I worked in retail advertising for a big company in the 1970s and 1980s and we spent millions of dollars every week to keep potential customers coming to our stores. If we want to do more to help kids in poverty we need to find ways to keep expanding the number of people who are offering time, talent and dollars to support schools and non-school tutor/mentor programs in thousands of locations.

In the social sector we don't have millions of dollars for advertising, thus we need to find other ways to build and sustain public support and the flow of needed operating resources to all of the places where people are working to help kids move through school and into careers. I created this video to illustrate the need for 12-month strategies that repeat from year-to-year. I hope you'll find time to view it and share it with others.



As you view the video, keep in mind the following two images:

Birth-to-work is a 20 to 25 year journey. It's difficult for most kids, but much more difficult for kids born into neighborhoods of highly concentrated, segregated poverty. Kids only grow a day and a year at a time. There are no quick fixes.

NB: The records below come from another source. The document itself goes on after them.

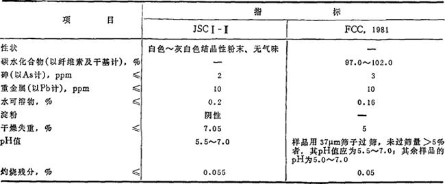 质量规格(JSCⅠ-Ⅱ;FCC,1981)
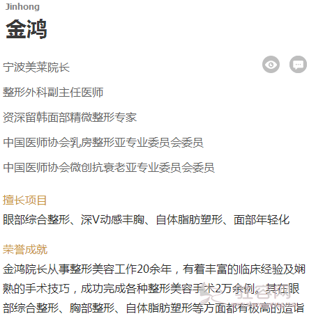 当前位置: 整形医院 > 宁波美莱医疗美容专科门诊部 > 金鸿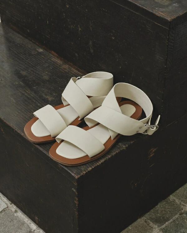 太めのレザーベルトが目を惹くフラットサンダル。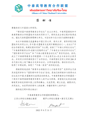 On September 6, 2022, SISUreceived a thank-you notefrom Alliance of China-Thailand Universities, which extended their gratitudesfor selecting student Wu Shiruito participate in the 4th Forum of China-Thailand Higher Education Cooperation - International Youth Forum and delivera keynote speech.
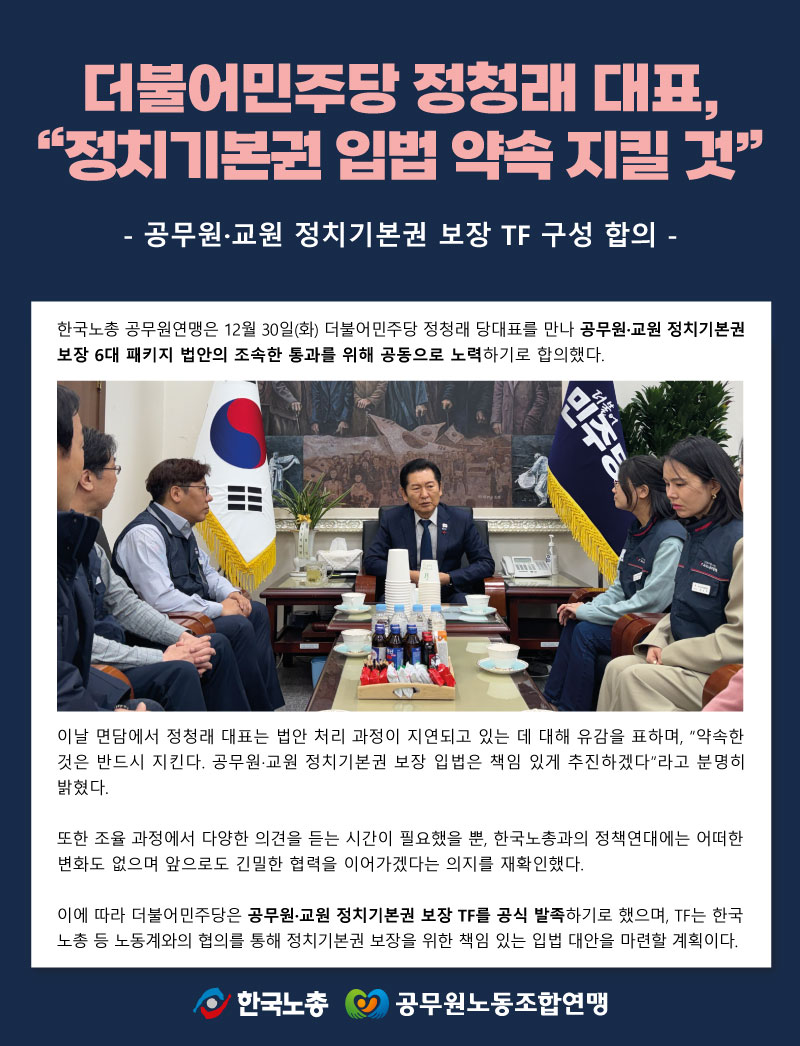 더불어민주당 정청래 대표, “정치기본권 입법 약속 지킬 것” 작성자 정보 동공노관리자 작성 작성일 2026.01.12 18:05 컨텐츠 정보 33 조회 목록 본문 더불어민주당 정청래 대표, “정치기본권 입법 약속 지킬 것” 관련자료 이전 폐지사업 알림(베스트 동료등 선정 및 생일축하금 관련 사업) 작성일 2026.01.15 17:17 다음 전국경찰직장협의회와 간담회 개최 작성일 2026.01.12 18:01 댓글 0 등록된 댓글이 없습니다. 로그인한 회원만 댓글 등록이 가능합니다. 목록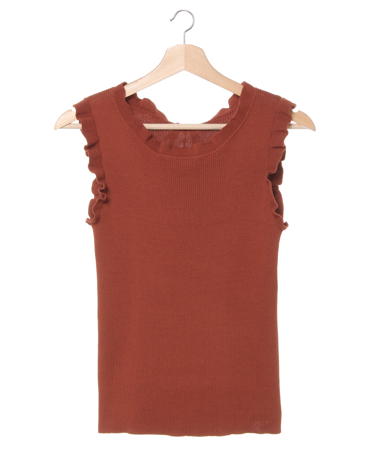 上半身をコンパクトにすっきり見せてくれるニットトップスは柔らかく肌触りの良い着心地にもこだわった1枚。ボディラインに沿いフェミニンで女性らしい着こなしに導きます。首元と袖口にはフリルをオン、コーディネイトにメリハリをプラスします。バックスタイルも抜かりないリボン&パール装飾にも注目。豊富なカラー展開も魅力的です。
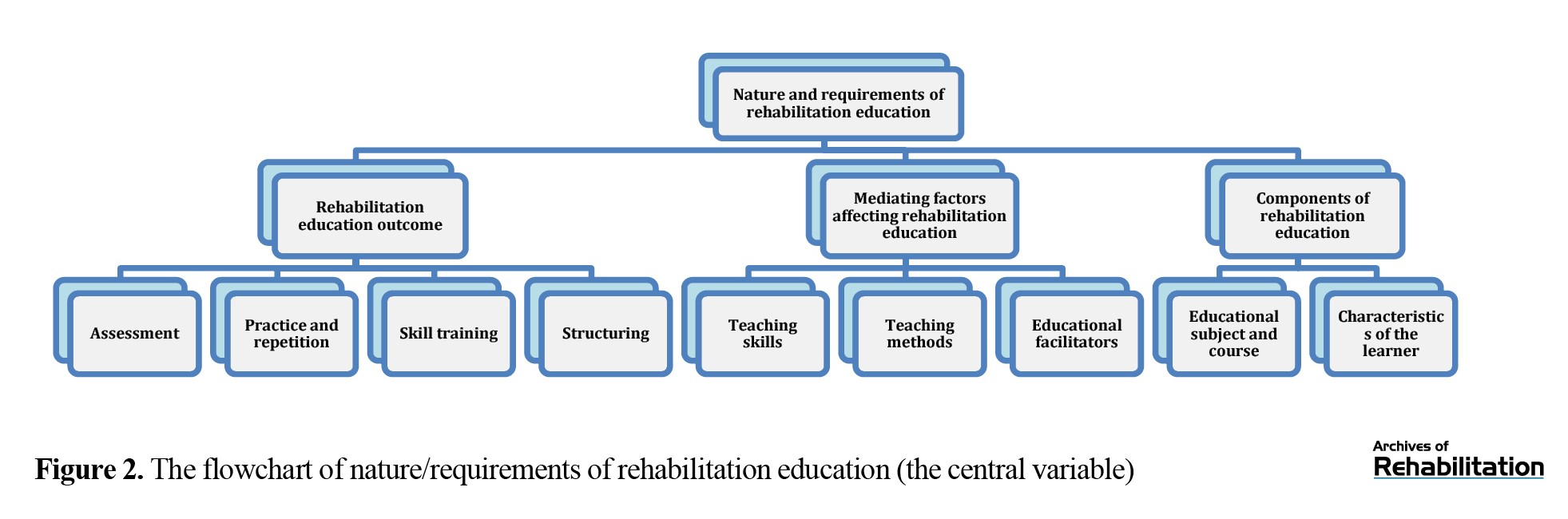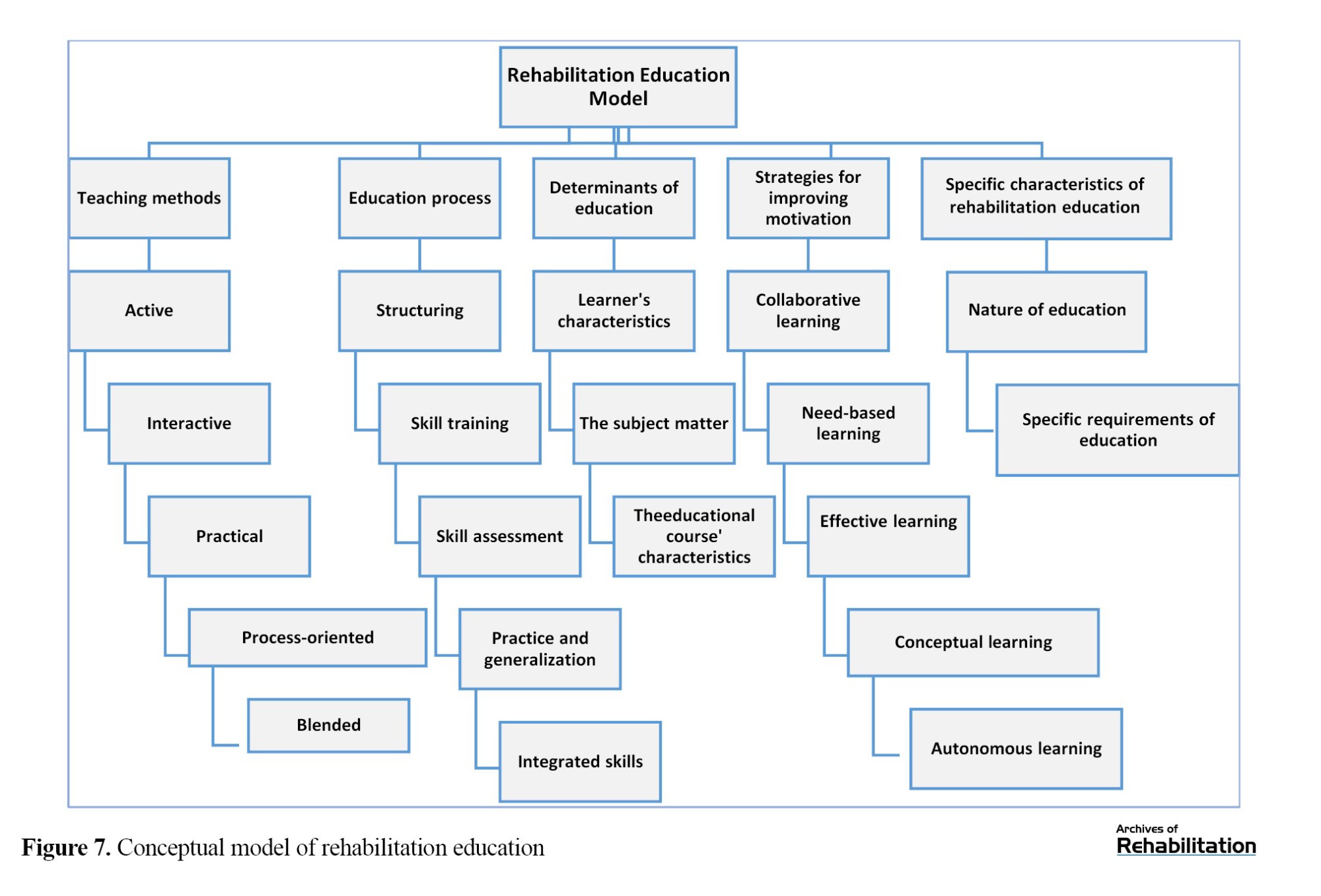 The conceptual paradigms derived from the analysis in this study were organized based on this central category. In this model, the nature and requirements of rehabilitation education included the components, mediating factors, and outcomes of rehabilitation education.

Thus, we need to find innovative ways to keep attention focused and support available in thousands of locations.




Instead of focusing on single solutions, focus on the big question: "What are all the things we need to be doing to assure that youth born in 2013 are starting jobs and careers by 2038?" This question needs to be asked over and over, by leaders in business, politics, universities, faith groups, philanthropy, and by individuals who are concerned with the future of our democracy, our economy, and the millions of young people born in high poverty neighborhoods every year.

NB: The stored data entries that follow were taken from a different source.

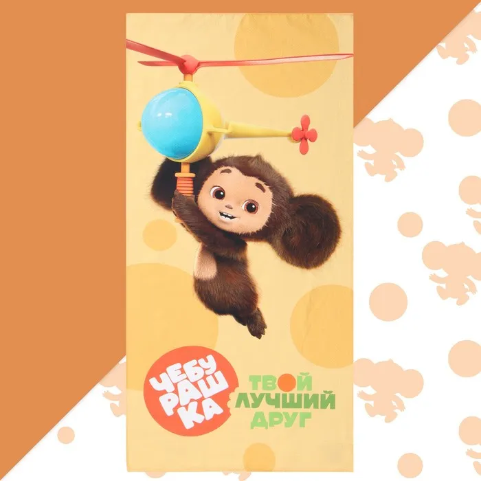 Полотенце Чебурашка, жёлтое, 70×140 см, 100% хл, вафля 160 г/м²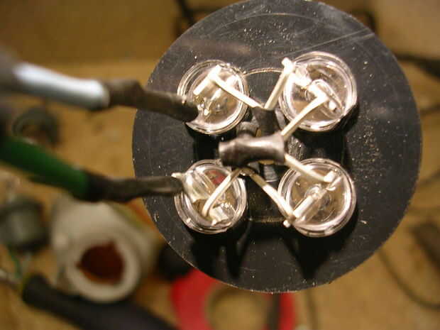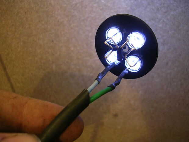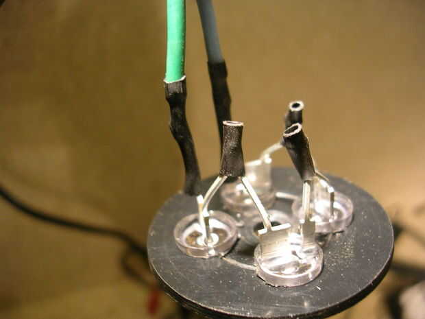 Cortar al antiguo sostenedor de la lámpara de los cables unen las bicicletas cableado. 6mm de los extremos de la tira, cubrir con un poco de soldadura, colocar en algunos sleaving de encogimiento de calor y soldadura de las dos piernas. Conecte el cable de tierra neutro vivo, positivo a la pata larga y la pata corta. Cuando se tapa soldada con calor encogen sleaving.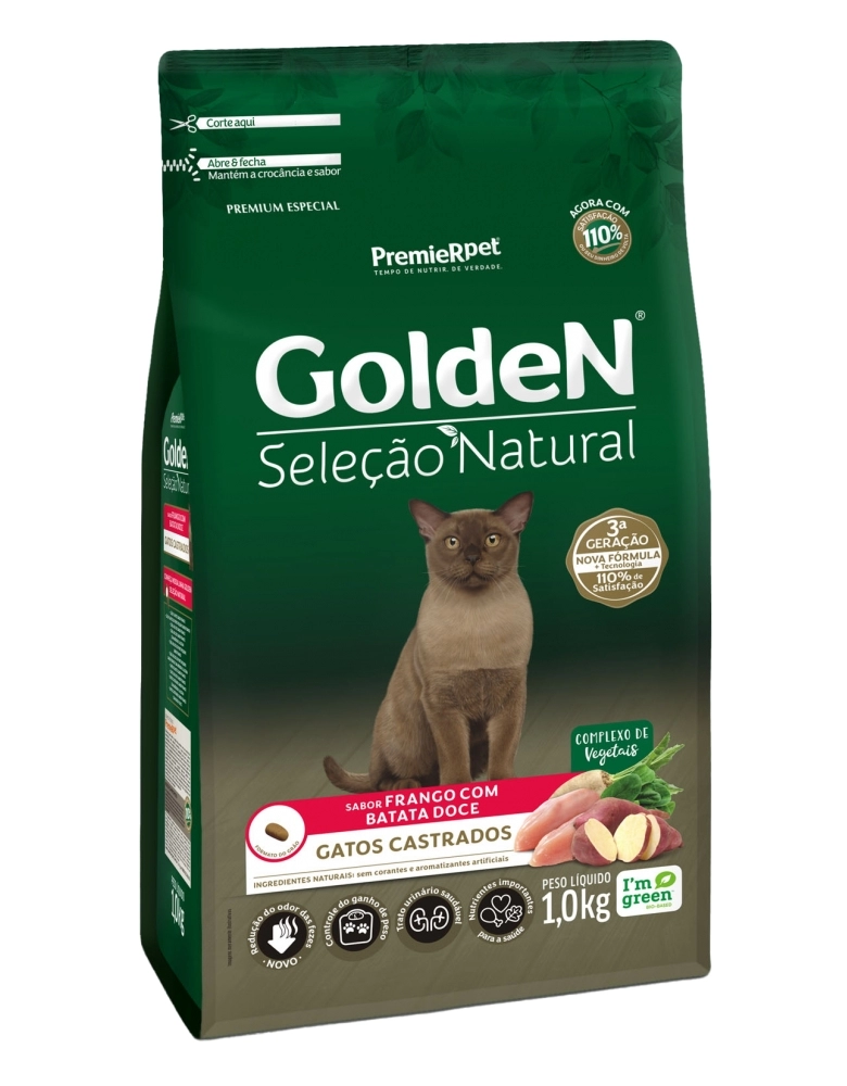 Ração Premier Seleção Natural Gatos Adulto Castrado Batada Doce 1 KG
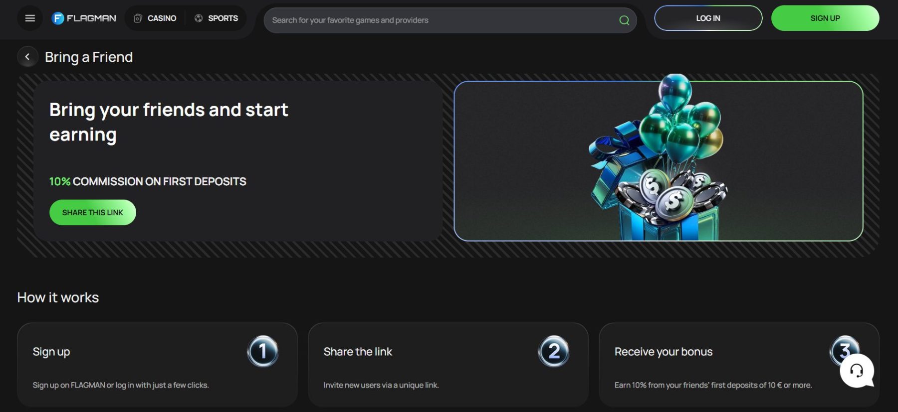 Pakvietę draugus, galite uždirbti net nežaisdami. Pakanka pasidalinti savo asmenine kvietimo nuoroda – draugui įnešus bent 10 €, jūs gaunate 10 % nuo jo įneštos sumos.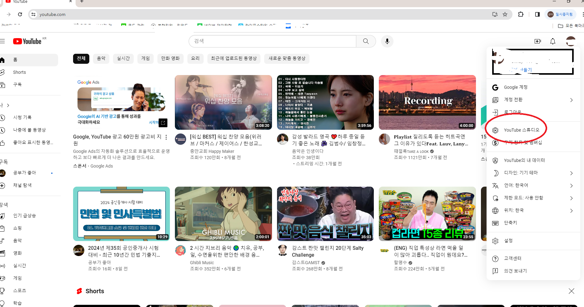 유투브 스튜디오 시작

As you talk with others, read books and articles, and come up with information that supports this "birth to work" goal, find a way to share your thoughts by posting links or ideas in web libraries, blogs or social media forums. Below is a map of the information library of the Tutor/Mentor Connection, which has been growing since the late 1970s.

You can find this graphic here.

Collecting, organizing and drawing attention to this information on a regular basis is a huge job. It cannot be done by a single person, or a single small organization. Other owners are needed to support this strategy. Sponsors are needed to keep it going in 2013 and 2014.

View this page to learn more of ways you can help.




Monday, December 26, 2011

Creating a Service and Learning Organization that Mentors Kids to Careers: 2012 Resolution

If you've read some of the messages I've posted to this Blog you'll see that between 1975 and June 30, 2011 I led a small non profit that seeks to connect workplace volunteers with children and youth living in neighborhoods of highly concentrated poverty.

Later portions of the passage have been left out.